Sí, nosotros miramos Europa, y a pesar de tener varios competidores, tenemos una relación excelente con todo el mundo. En este sentido, competimos con París, Viena, Londres, con las ferias alemanas, que son muy grandes y se encuentran en ciudades con recintos importantes, como Hannover o Frankfurt. Lo que es interesante observar es que las ferias, especialmente las propias, son un reflejo de la industria de un país. Es muy difícil tener una feria propia de un sector que tú como país no domines, y aquí tenemos una que es muy relevante, Piscina Barcelona, porque tenemos Fluidra que es un líder mundial y que ha actuado como motor del salón.
Este año comienzan las obras para transformar el recinto de Montjuïc, con la previsión de que estén terminadas en 2029, año del Centenario de la Exposición Internacional de 1929. ¿Cómo valora los primeros compases de esta transformación tan relevante para la ciudad?
En 2029 nos tenemos que encontrar con una gran parte de la Fira de Montjuïc renovada, con el nuevo Palacio Alfonso XIII, donde Fira está empezando a construir un nuevo Palacio de Congresos y así remodelar lo que hoy tenemos en Maria Cristina. Es un edificio histórico y empezaremos las obras a finales de marzo o principios de abril, por lo tanto, espero ver Montjuïc desde Plaza España con este nuevo Palacio terminado.
Por otro lado, en el actual Palacio de Congresos que tenemos construiremos allí un nuevo pabellón. Será una joya, un espacio muy grande y muy versátil para poder llevar a cabo allí ferias y congresos. Así, el Palacio de Congresos más este pabellón nos aportan una buena oferta de espacio de calidad para llevar a cabo eventos. Y, finalmente, en el portal de plaza España, lo que llamamos Palacio del Vestido, que hace muchos años había Iberia allí, construiremos un nuevo edificio de 16.200 cuadrados para hacer un hub de innovación de Fira.
Todo un cuenta atrás de cara a 2029.
Bueno, tendremos una gran parte del recorrido hecho, las obras en Maria Cristina no sé si estarán aún acabadas, pero el espacio está destinado a ser un gran espacio público que ganará el peatón. En 2029, seguramente aún estaremos en obras y aún no estará todo consolidado, pero este proyecto nos lleva a una Maria Cristina que será un nuevo espacio con transporte público del cual se beneficiará la ciudad, con la Fira a ambos lados, y el MNAC al final. Ganaremos un espacio barcelonés ferial de mucha calidad.

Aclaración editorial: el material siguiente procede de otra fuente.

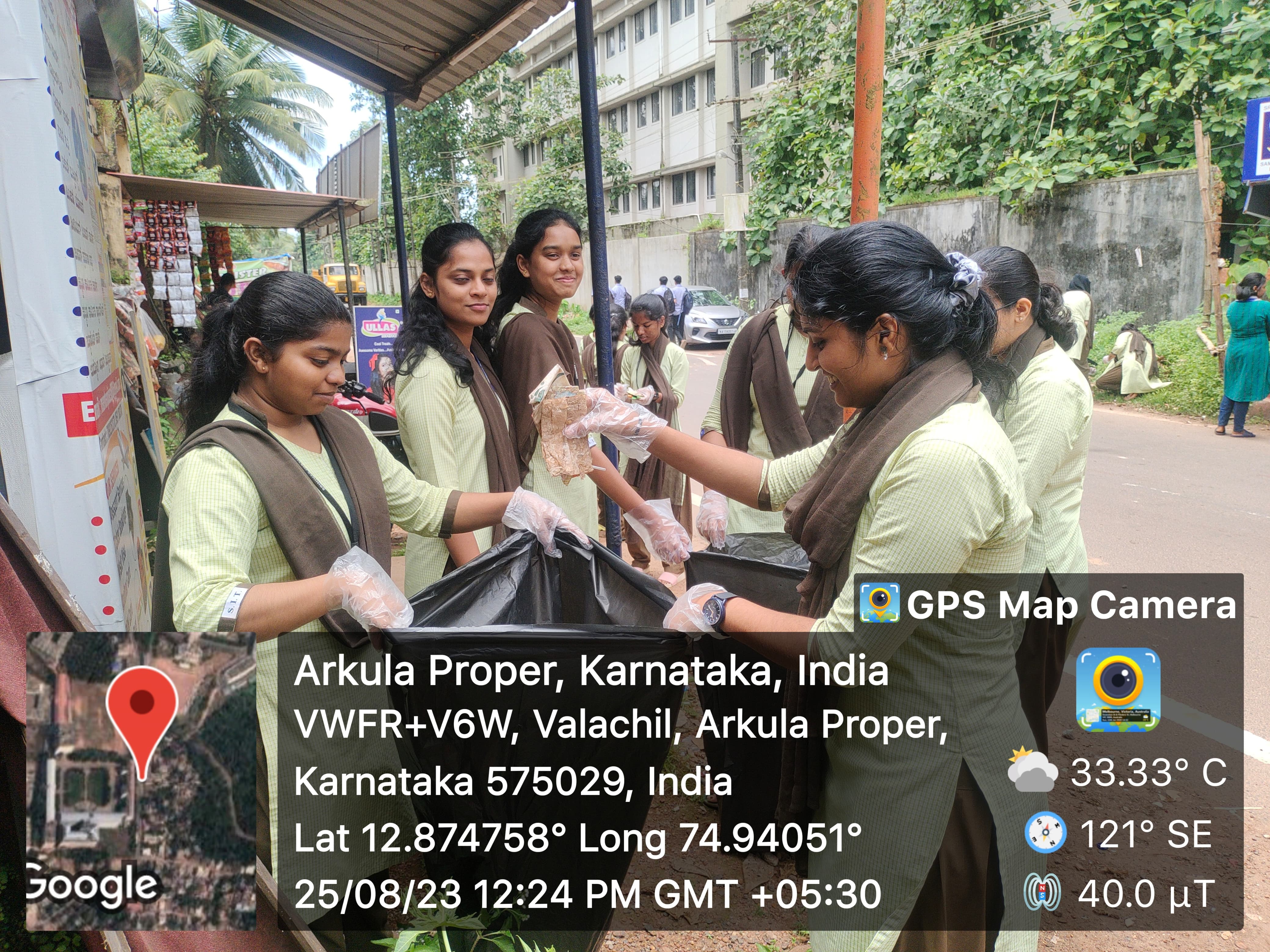 The Department of Computer Science and Engineering NSS organized an event on Swachh Bharat for 3rd year NSS students on 25th August 2023 at outside the Srinivas Institute of Technology, Mangaluru campus. Prof. Deepthi P. Dsouza, NSS coordinator along with Prof. Chaitra and Prof. Deeksha from Department of CSE had conducted this event. Prof. Ravishankara K, H.O.D, CS&E, motivated to conduct this event.

Cuando termine esta transformación comenzará otra, la del barrio del Poble-sec, que entre 2029 y 2033 espera 548 viviendas públicas.
Exacto, esto forma parte de este proyecto de transformación ferial. Cuando estuvimos diseñando ya hace años qué podría ser Montjuïc, Fira, que también es sensible al momento que vivimos y a las necesidades de la ciudad, llegó al acuerdo de renunciar a una parte de lo que es hoy, concretamente en la calle Lleida, para dar lugar a un nuevo barrio. Esto empezará cuando encajen todas las piezas de este cronograma. Por lo tanto, veremos unos años de obras seguidas, pero que servirán para que todo el mundo gane.